La escena era inolvidable. Los inspectores, con lista en mano, se apostaban en el altillo para llamar a los estudiantes, uno por uno. La pregunta era simple, pero cargada de ansiedad: «¿Sabes nadar?» Para aquellos que respondían «no», la incertidumbre se mezclaba con la expectativa. A un lado de la piscina, otro estudiante esperaba con una garrocha en mano, listo para socorrer a los que, inevitablemente, necesitarían ayuda.

El agua helada de la piscina y la falta de un adecuado traje de baño no ayudaban a calmar los nervios.
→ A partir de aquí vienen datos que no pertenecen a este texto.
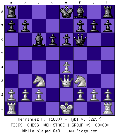 Last move : d5 2026 February 2 23:15:9 White clock - 26 days 14:02:12 Black clock - 4 days 10:56:00 [Event "FICGS__CHESS__WCH_STAGE_1_GROUP_09__000030"] [Site "FICGS"] [Date "2025.10.30"] [Round "2"] [White "Hernandez,Humberto"] [Black "Hybl,Vladislav"] [Result "*"] [WhiteElo "1800"] [BlackElo "2297"] 1.e4 c5 2.Nf3 d6 3.d4 cxd4 4.Qxd4 Nc6 5.Bb5 Bd7 6.Bxc6 Bxc6 7.Nc3 Nf6 8.Bg5 e6 9.Bxf6 Qxf6 10.Qe3 Be7 11.O-O-O O-O 12.Kb1 Rfc8 13.g4 b5 14.g5 Qg6 15.h4 h5 16.gxh6 Qxh6 17.Ng5 b4 18.Ne2 a5 19.Rhg1 a4 20.Nd4 Be8 21.Rdf1 Bf8 22.f4 a3 23.b3 Ra5 24.Qf3 Rc7 25.f5 exf5 26.exf5 Bd7 27.Ne4 Re5 28.Rd1 Bc6 29.Nxc6 Rxc6 30.Nf2 d5 31.* Follow this game move after move (download)Chess demands total concentration. (Bobby Fischer) Schach ist eine Sache der genauen Beurteilung, wann man zuschlagen und wann man sich ducken muss. (Robert James Fischer) El Ajedrez demanda una total concentración. (Bobby Fischer) Les échecs, c'est la lutte contre l'erreur. (Johannes Zukertort) Wisdom doesn't necessarily come with age. Sometimes age just shows up all by itself. (Tom Watson)

La mayoría de los alumnos solo vestían su pantaloneta de deporte, lo que hacía que el desafío fuera aún más incómodo. Sin embargo, para muchos, la parte más difícil no era el salto en sí, sino enfrentar el miedo y dar ese paso hacia lo desconocido.
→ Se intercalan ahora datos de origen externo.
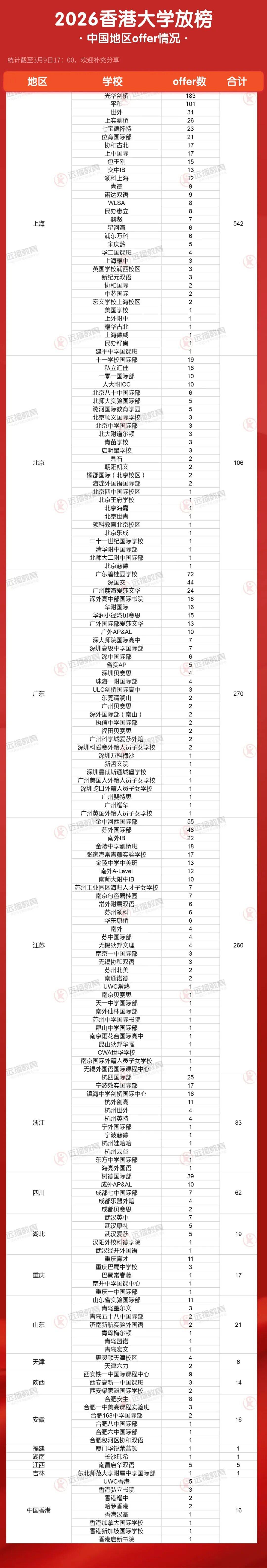 江苏国际学校今年在香港留学方向上成绩突出,以260枚港大offer数超越了北京,位居第三。金中河西拿下55枚、苏外国际部斩获48枚,表现相当亮眼,还有苏州海归人才子女学校、南京句容碧桂园、苏州领科、华东康桥、狄邦文理、狄邦华曜等校也均有多枚offer入账。

Entre los recuerdos que dejaron huella, hay historias que se cuentan con una mezcla de incredulidad y risas. Como aquella vez en que un alumno, presa del pánico, al momento de saltar se aferró a la ropa del inspector, arrastrándolo con él al agua. La ironía del momento era que muchos de los inspectores tampoco sabían nadar, lo que hacía que la escena fuera aún más surrealista.
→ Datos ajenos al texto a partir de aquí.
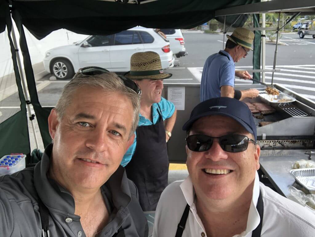 Ian, left, John, right, and some of their buddies working at a sausage sizzle.

A pesar de las dificultades y el frío, este rito de iniciación era una experiencia compartida que unía a los estudiantes. Era una especie de lección no oficial, donde se aprendía que la vida a veces te lanza al agua fría, y que está bien tener miedo, pero también es importante enfrentarlo.

Con el tiempo, este peculiar ritual se ha convertido en una anécdota que muchos exalumnos del Colegio Vicente León recuerdan con nostalgia y una sonrisa. Lo que en su momento parecía una prueba abrumadora, hoy es visto como una experiencia que les enseñó a superar temores, a confiar en sus compañeros y, en cierto modo, a sumergirse en los desafíos de la vida.

La piscina del colegio no era solo un lugar para nadar; era un espacio donde los estudiantes aprendían, de manera literal y metafórica, a dar el salto. Una tradición que, aunque poco convencional, dejó una marca imborrable en el corazón de todos aquellos que alguna vez estuvieron en ese altillo, mirando el agua y enfrentando su primer gran desafío como vicentinos.